● What you will do: Produce word for word the lines of the data below running from the one that has "Melrose Organic Sesame" to the one that has "O lounge traz", inclusive, and no others.

● Supplied information:
__________

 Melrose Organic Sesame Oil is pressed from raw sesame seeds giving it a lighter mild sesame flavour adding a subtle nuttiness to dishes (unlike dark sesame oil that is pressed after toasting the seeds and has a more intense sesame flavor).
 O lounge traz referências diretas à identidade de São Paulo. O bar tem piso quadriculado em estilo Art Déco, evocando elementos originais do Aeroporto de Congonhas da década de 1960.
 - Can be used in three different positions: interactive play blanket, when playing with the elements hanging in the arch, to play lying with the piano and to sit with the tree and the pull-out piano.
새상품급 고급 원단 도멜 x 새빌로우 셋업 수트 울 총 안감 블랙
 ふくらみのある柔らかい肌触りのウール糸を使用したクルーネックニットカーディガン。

__________

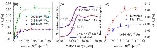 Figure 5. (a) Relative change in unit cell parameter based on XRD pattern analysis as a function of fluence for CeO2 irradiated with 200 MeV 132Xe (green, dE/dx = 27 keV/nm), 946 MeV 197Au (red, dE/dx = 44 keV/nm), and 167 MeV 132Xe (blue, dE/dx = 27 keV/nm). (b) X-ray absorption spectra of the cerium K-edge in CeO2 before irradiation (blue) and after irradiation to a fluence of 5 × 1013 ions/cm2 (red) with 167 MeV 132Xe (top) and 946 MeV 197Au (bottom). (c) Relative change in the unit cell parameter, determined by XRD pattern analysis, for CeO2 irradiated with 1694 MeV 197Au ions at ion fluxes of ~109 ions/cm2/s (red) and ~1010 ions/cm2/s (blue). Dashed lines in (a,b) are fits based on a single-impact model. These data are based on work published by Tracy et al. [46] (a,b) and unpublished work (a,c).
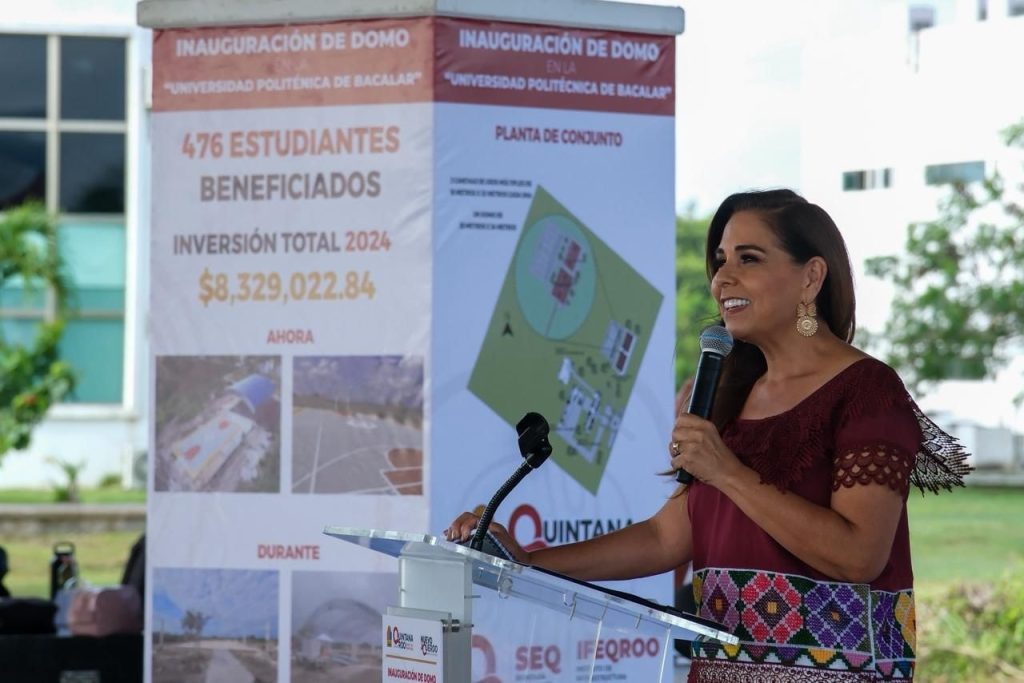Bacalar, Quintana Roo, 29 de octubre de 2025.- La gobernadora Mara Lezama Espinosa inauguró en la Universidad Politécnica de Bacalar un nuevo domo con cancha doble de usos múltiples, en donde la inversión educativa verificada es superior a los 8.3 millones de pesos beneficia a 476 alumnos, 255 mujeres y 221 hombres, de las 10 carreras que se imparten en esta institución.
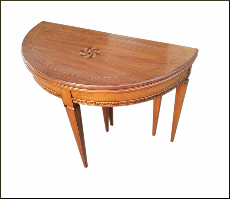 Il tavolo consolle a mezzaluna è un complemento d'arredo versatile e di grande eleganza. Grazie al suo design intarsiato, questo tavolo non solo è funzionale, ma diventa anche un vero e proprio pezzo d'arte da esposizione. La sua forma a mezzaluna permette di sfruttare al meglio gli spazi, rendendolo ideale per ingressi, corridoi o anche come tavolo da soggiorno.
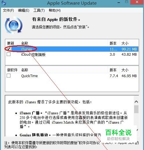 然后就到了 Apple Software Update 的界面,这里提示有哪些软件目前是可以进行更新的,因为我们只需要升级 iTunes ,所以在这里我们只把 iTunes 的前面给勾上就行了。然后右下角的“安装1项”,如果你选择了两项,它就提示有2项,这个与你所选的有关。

__________

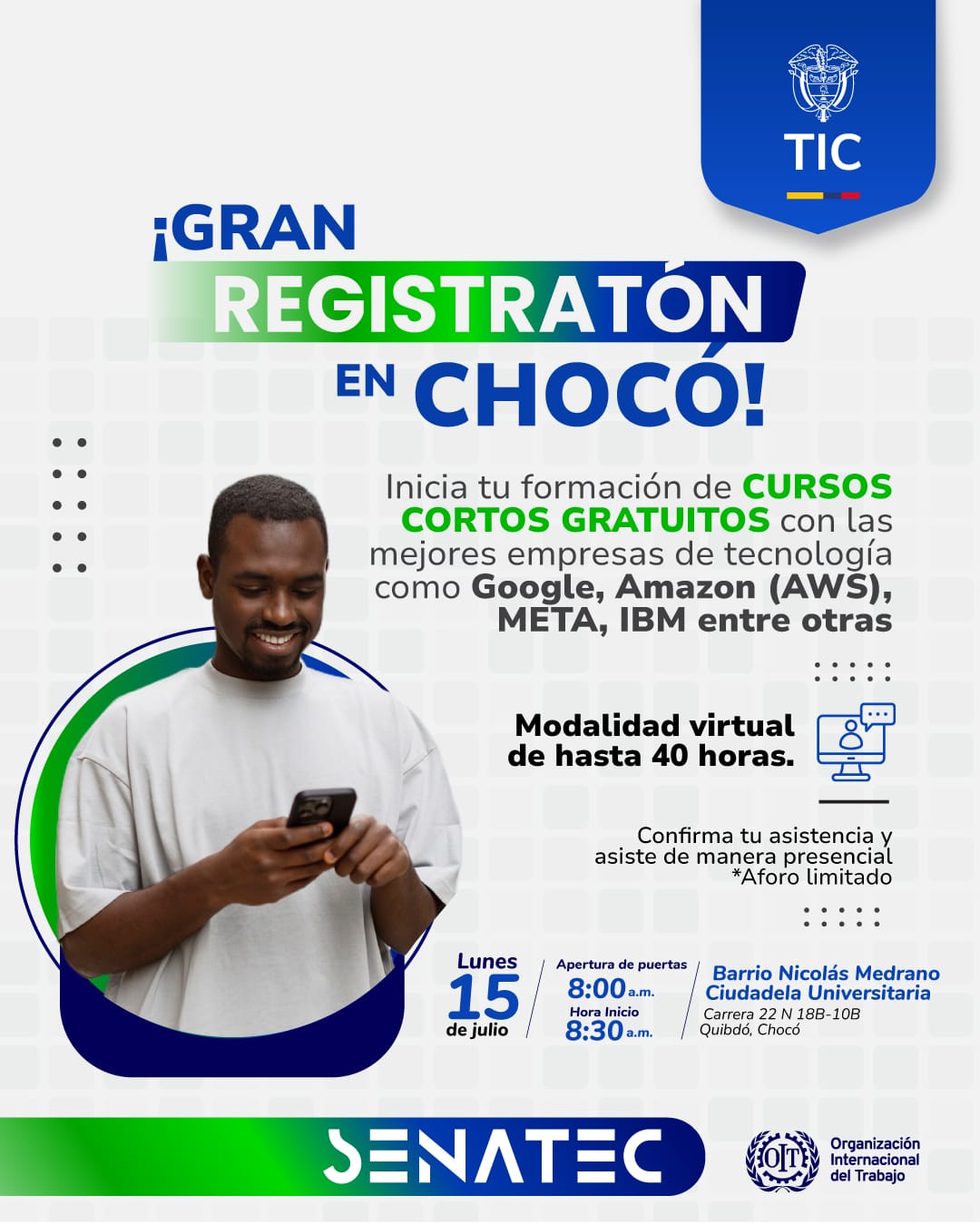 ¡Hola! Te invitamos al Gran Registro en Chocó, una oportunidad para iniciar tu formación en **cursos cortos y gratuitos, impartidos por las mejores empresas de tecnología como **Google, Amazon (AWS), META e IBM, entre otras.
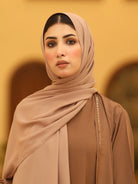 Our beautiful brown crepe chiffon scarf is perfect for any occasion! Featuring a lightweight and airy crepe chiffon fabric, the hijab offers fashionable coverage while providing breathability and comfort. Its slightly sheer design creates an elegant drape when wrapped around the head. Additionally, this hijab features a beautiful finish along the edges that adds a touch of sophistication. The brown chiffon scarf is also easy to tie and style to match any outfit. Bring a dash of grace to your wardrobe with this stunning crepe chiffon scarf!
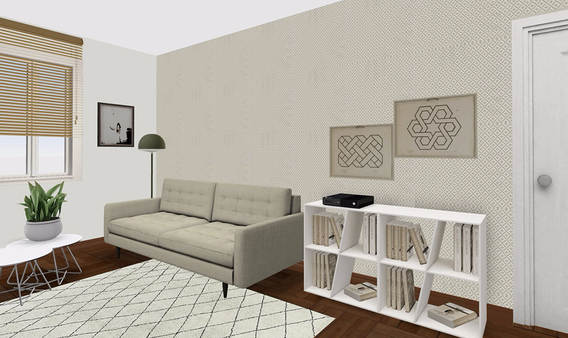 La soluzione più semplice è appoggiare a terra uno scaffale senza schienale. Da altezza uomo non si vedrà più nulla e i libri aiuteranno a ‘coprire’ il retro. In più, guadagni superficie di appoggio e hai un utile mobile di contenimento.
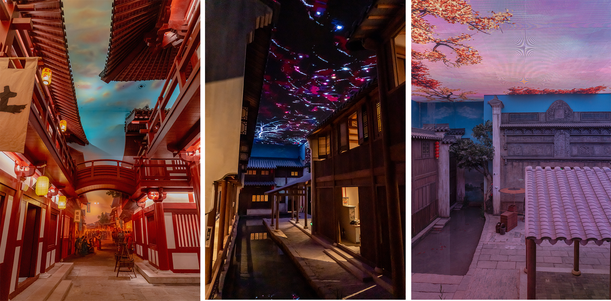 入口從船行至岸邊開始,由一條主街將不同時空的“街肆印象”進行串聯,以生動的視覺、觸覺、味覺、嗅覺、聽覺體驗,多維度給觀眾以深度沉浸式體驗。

__________

● Result:
 Melrose Organic Sesame Oil is pressed from raw sesame seeds giving it a lighter mild sesame flavour adding a subtle nuttiness to dishes (unlike dark sesame oil that is pressed after toasting the seeds and has a more intense sesame flavor).
 O lounge traz referências diretas à identidade de São Paulo. O bar tem piso quadriculado em estilo Art Déco, evocando elementos originais do Aeroporto de Congonhas da década de 1960.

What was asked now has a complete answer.